Çözüm İçin Neler Yapılabilir?

  • Öncelikle, vergi iade süreçlerinin yavaşlayacağı bu ortamda 2019 yılından geçerli olmak üzere 7104 sayılı Kanunla getirilen KDV iade taleplerinin takip eden iki yıl içinde talep edilebileceği koşulu kaldırılmalıdır.
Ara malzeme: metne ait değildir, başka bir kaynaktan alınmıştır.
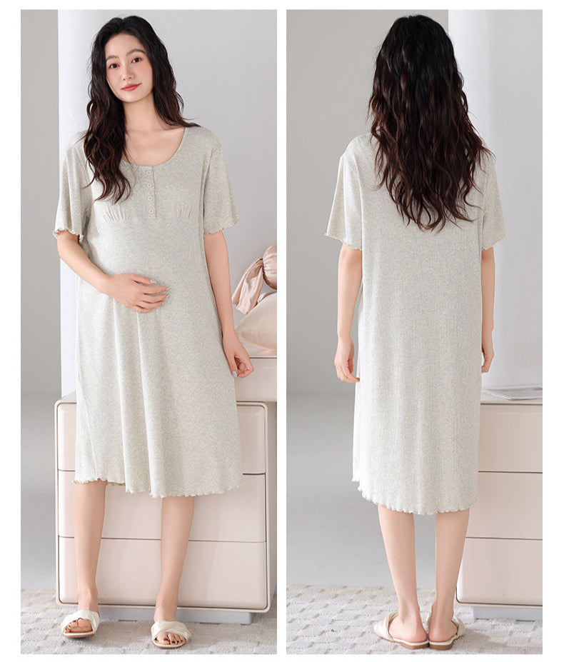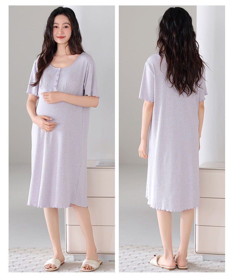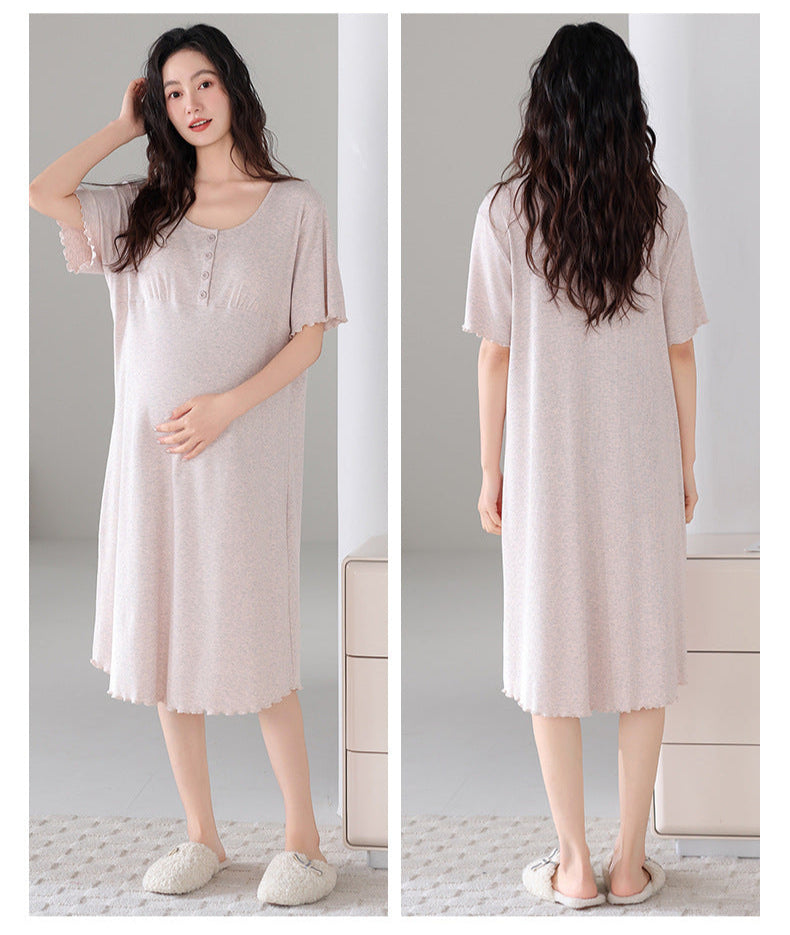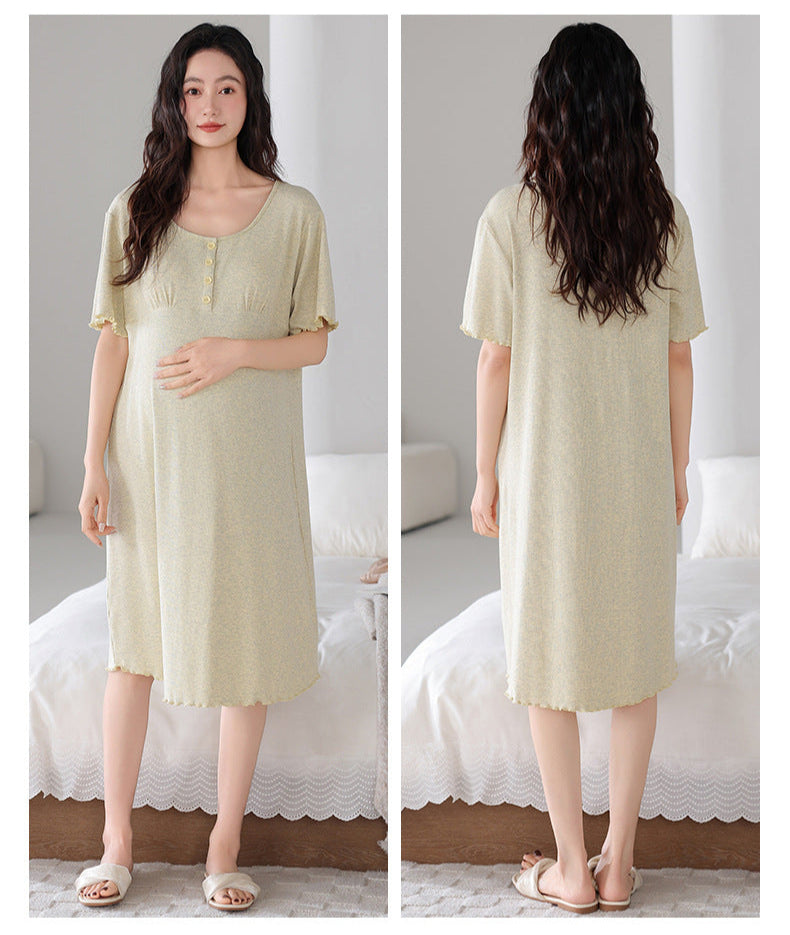 Yes! This maternity sleepwear piece embodies a minimalist, modern cuffed design in a solid color. With its versatile Day-to-Night Style, this midi length (over-knee to mid-calf) dress beautifully blurs the lines between cozy sleepwear and chic casual wear. It's perfect for both restful nights and stylish daytime activities, offering an elegant solution for sudden appointments, casual coffee runs, or comfortable travel. This makes it an ideal maternity lounge set for chic & quick ventures.

  • Yine aynı Kanunla KDV Kanunun 32’nci maddesine konulan yetki ile imalatçı ihracatçılara KDV iadelerinin yüklenilen KDV hesaplaması yerine ihracat tutarının belli bir oranı esas alınarak yapılabileceği şeklindeki düzenlemeye işlerlik kazandırılmalıdır. Burada tabi ki gerçekçi oranlar belirlenmelidir. Örneğin; mükellefin daha önceki dönemlerde aldığı iadelerin ortalaması esas alınarak bir oran da belirlenebilir. Özellikle bu şekilde tespit edilen oranda iade talep eden mükelleflerden “İndirilecek KDV Listesi” ibrazı şartı da aranmaksızın iadelerin hızlı bir şekilde yapılması sağlanmalıdır. Bu noktada vergi güvenliğini sağlamak bakımından firmalarda geçmiş sicilleri ile ilgili belli koşullar aranabilir. Örneğin daha önce beyannamelerini düzenli olarak vermiş olmak, vergi borcu bulunmamak, daha önceki belli sayıda dönemde inceleme ya da YMM Raporu ile iade almış olmak, tam tasdik sözleşmesi bulunmak, belli kapasite koşullarını sağlamak, özel esaslarda bulunmamak gibi şartlar getirilebilir. Mükelleflerin alt firmaları zaten Ba formları ile de tespit edilebilmektedir. Yurt dışından alışları da yine Gümrük İdaresi üzerinden kontrol edilebilmektedir.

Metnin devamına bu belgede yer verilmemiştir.